* [WHAT IS REQUIRED]:
Reprint each record exactly. Pictures are not reprinted.

Records from a data source:
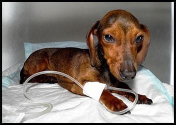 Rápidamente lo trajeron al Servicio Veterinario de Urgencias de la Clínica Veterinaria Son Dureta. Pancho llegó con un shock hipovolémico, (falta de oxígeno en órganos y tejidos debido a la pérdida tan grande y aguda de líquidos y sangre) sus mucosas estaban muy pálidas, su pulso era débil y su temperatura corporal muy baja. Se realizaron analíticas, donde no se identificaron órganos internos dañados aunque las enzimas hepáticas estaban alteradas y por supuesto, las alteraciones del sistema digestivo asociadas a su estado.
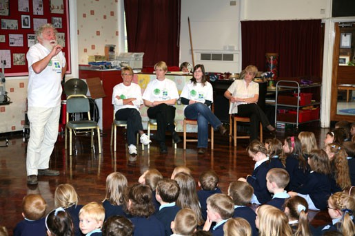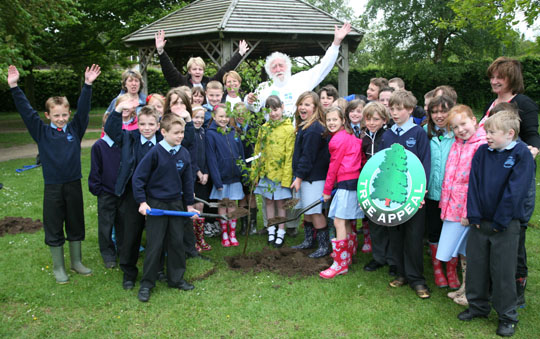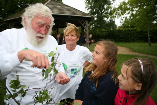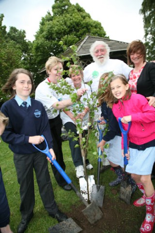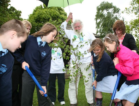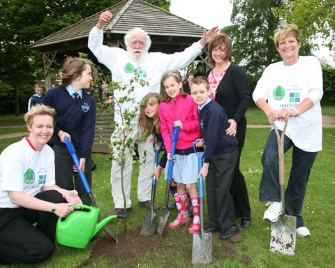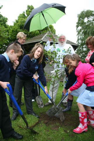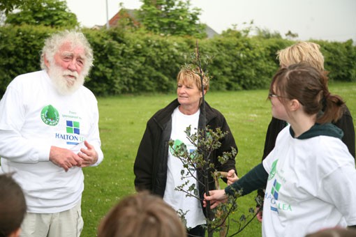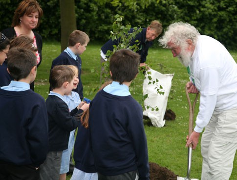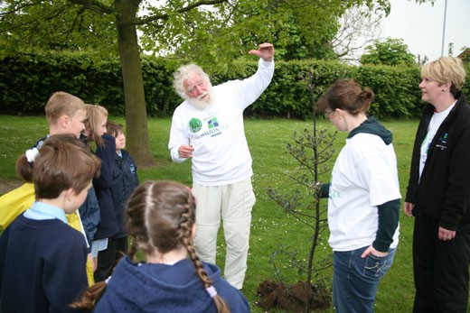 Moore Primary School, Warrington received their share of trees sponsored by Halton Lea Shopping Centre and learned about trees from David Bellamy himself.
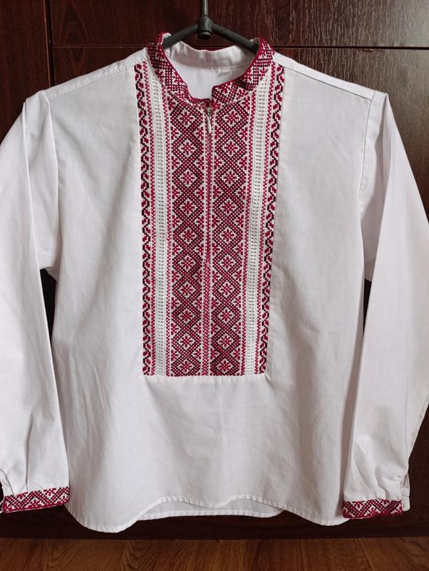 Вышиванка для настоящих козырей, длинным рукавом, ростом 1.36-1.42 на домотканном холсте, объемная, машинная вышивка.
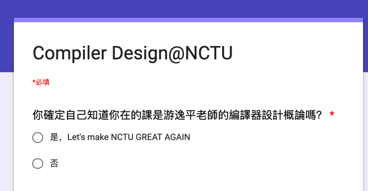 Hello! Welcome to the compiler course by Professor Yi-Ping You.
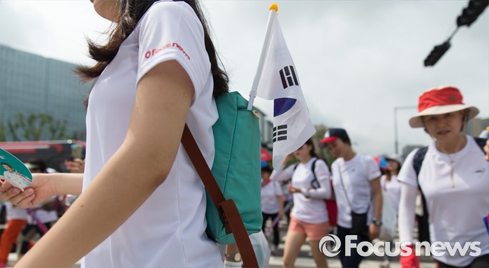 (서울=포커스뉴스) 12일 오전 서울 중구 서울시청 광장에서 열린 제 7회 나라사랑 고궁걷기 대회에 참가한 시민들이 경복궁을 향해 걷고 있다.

* [REPLY TO THE EXERCISE]:
 Rápidamente lo trajeron al Servicio Veterinario de Urgencias de la Clínica Veterinaria Son Dureta. Pancho llegó con un shock hipovolémico, (falta de oxígeno en órganos y tejidos debido a la pérdida tan grande y aguda de líquidos y sangre) sus mucosas estaban muy pálidas, su pulso era débil y su temperatura corporal muy baja. Se realizaron analíticas, donde no se identificaron órganos internos dañados aunque las enzimas hepáticas estaban alteradas y por supuesto, las alteraciones del sistema digestivo asociadas a su estado.
 Moore Primary School, Warrington received their share of trees sponsored by Halton Lea Shopping Centre and learned about trees from David Bellamy himself.
 Вышиванка для настоящих козырей, длинным рукавом, ростом 1.36-1.42 на домотканном холсте, объемная, машинная вышивка.
 Hello! Welcome to the compiler course by Professor Yi-Ping You.
 (서울=포커스뉴스) 12일 오전 서울 중구 서울시청 광장에서 열린 제 7회 나라사랑 고궁걷기 대회에 참가한 시민들이 경복궁을 향해 걷고 있다.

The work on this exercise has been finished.